EXCERPTED DATA section start
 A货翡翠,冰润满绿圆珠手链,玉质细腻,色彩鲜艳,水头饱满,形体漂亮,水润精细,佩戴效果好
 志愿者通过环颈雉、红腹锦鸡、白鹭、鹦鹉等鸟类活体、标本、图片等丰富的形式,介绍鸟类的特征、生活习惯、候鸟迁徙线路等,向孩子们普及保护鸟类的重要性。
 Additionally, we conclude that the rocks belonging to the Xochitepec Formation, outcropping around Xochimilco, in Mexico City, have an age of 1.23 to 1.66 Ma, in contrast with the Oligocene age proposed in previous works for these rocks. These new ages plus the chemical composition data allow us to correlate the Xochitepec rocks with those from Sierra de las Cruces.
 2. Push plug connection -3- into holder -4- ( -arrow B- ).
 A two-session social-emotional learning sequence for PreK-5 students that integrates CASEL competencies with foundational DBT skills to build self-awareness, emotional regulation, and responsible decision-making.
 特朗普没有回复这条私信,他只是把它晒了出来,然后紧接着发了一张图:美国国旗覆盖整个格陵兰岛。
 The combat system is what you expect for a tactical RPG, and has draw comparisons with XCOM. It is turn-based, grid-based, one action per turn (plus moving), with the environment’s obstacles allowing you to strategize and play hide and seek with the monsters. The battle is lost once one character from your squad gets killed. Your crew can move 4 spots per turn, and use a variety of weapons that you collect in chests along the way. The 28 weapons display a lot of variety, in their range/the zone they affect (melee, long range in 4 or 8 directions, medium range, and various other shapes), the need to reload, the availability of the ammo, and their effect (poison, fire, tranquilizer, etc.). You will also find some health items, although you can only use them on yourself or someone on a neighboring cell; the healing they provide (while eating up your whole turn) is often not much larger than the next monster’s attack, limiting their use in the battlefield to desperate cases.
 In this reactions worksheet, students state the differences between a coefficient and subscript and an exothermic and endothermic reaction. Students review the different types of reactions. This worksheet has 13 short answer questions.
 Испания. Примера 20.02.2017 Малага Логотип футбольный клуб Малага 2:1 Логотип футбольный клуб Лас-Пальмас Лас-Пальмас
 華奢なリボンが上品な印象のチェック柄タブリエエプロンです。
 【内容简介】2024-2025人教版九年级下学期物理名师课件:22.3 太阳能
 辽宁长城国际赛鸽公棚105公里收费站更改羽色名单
EXCERPTED DATA section end
Find how many lines in the material hold the word "students" and state that number alone.

2